Seldon se renfrogna. « Non ! Pourquoi déformez-vous mes paroles ? Pourquoi me forcez-vous à dire ce que vous savez déjà ? Ce n’est ni pour la psychohistoire ni pour ma protection que j’ai besoin de vous. Ce ne sont que des excuses et j’en utiliserai d’autres s’il le faut. C’est pour vous – rien que vous. Et si vous voulez la raison véritable, c’est parce que vous êtes vous .

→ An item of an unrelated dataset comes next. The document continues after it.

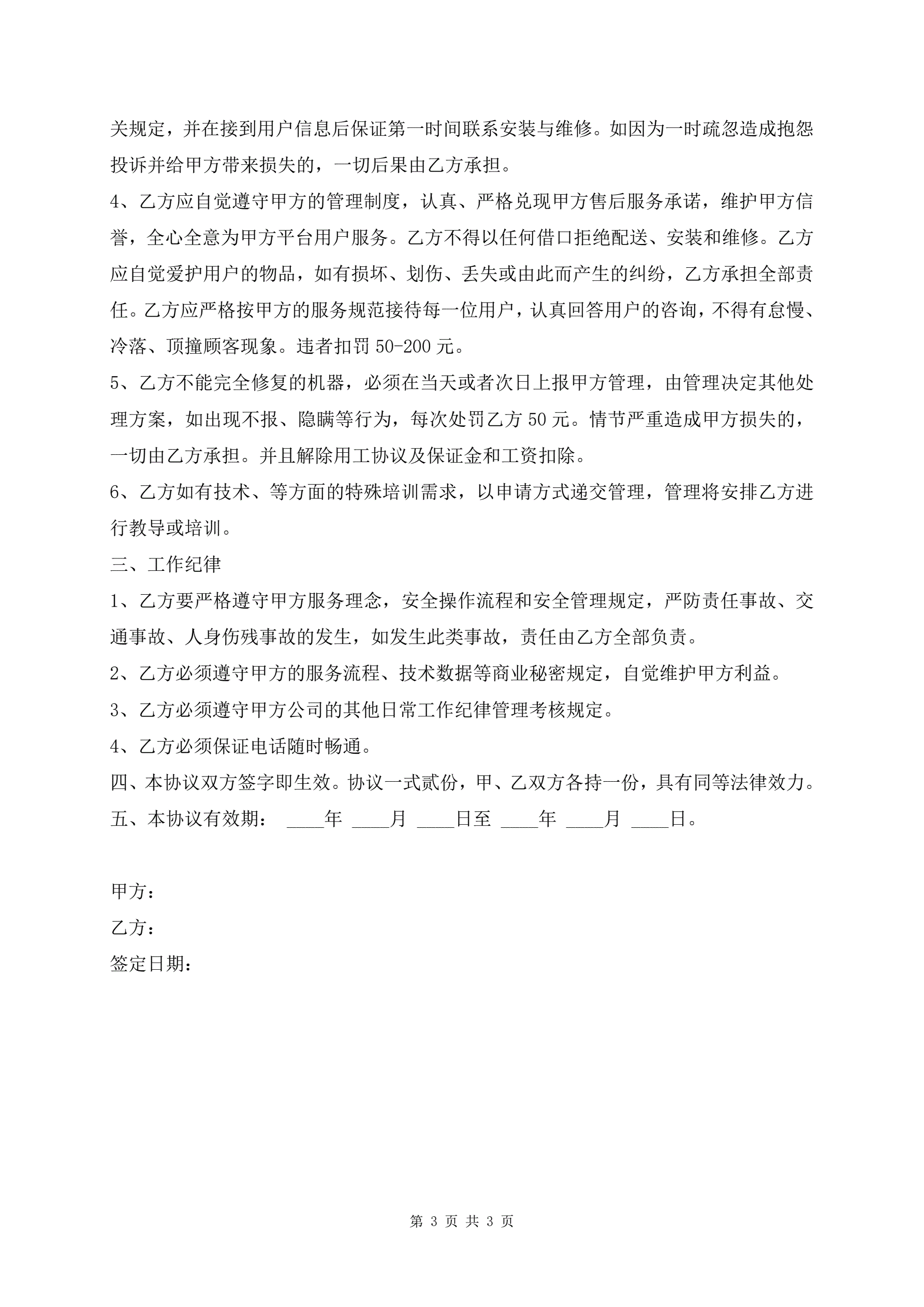 家电安装工作协议合同范本

— Vous ne me connaissez même pas.
— Peu importe. Je m’en moque… Et pourtant, je vous connais en un sens. Mieux que vous ne pensez.
— Vraiment ?
— Bien sûr. Vous suivez les ordres et vous risquez votre vie pour moi sans l’ombre d’une hésitation et apparemment sans vous soucier des conséquences. Vous avez appris à jouer au tennis avec une rapidité phénoménale. Vous avez appris encore plus rapidement à manier le couteau et vous vous êtes tirée avec maestria du combat contre Marron ; avec une maîtrise… inhumaine – si vous me passez l’expression. Vous avez une musculature étonnamment développée et des réflexes incroyablement rapides. Vous pouvez deviner quand une pièce est sous écoute et entrer en contact avec Hummin sans recourir à aucun appareil.
— Et que concluez-vous de tout cela ? le coupa Dors.
— Il m’est apparu que Hummin, en tant que R. Daneel Olivaw, avait une tâche impossible. Comment un seul et unique robot essaierait-il de guider l’Empire ? Il faut qu’il ait des aides.
— C’est évident. Des millions, j’imagine. Je l’aide. Vous l’aidez. Le petit Raych l’aide aussi.
— Vous, vous êtes d’un genre différent.
— En quel sens, Hari ? Dites-le donc. Si vous vous l’entendez dire, vous réaliserez aussitôt à quel point c’est insensé. »
Seldon la considéra longuement puis répondit, à voix basse : « Non, je ne le dirai pas parce que… parce que je m’en fiche.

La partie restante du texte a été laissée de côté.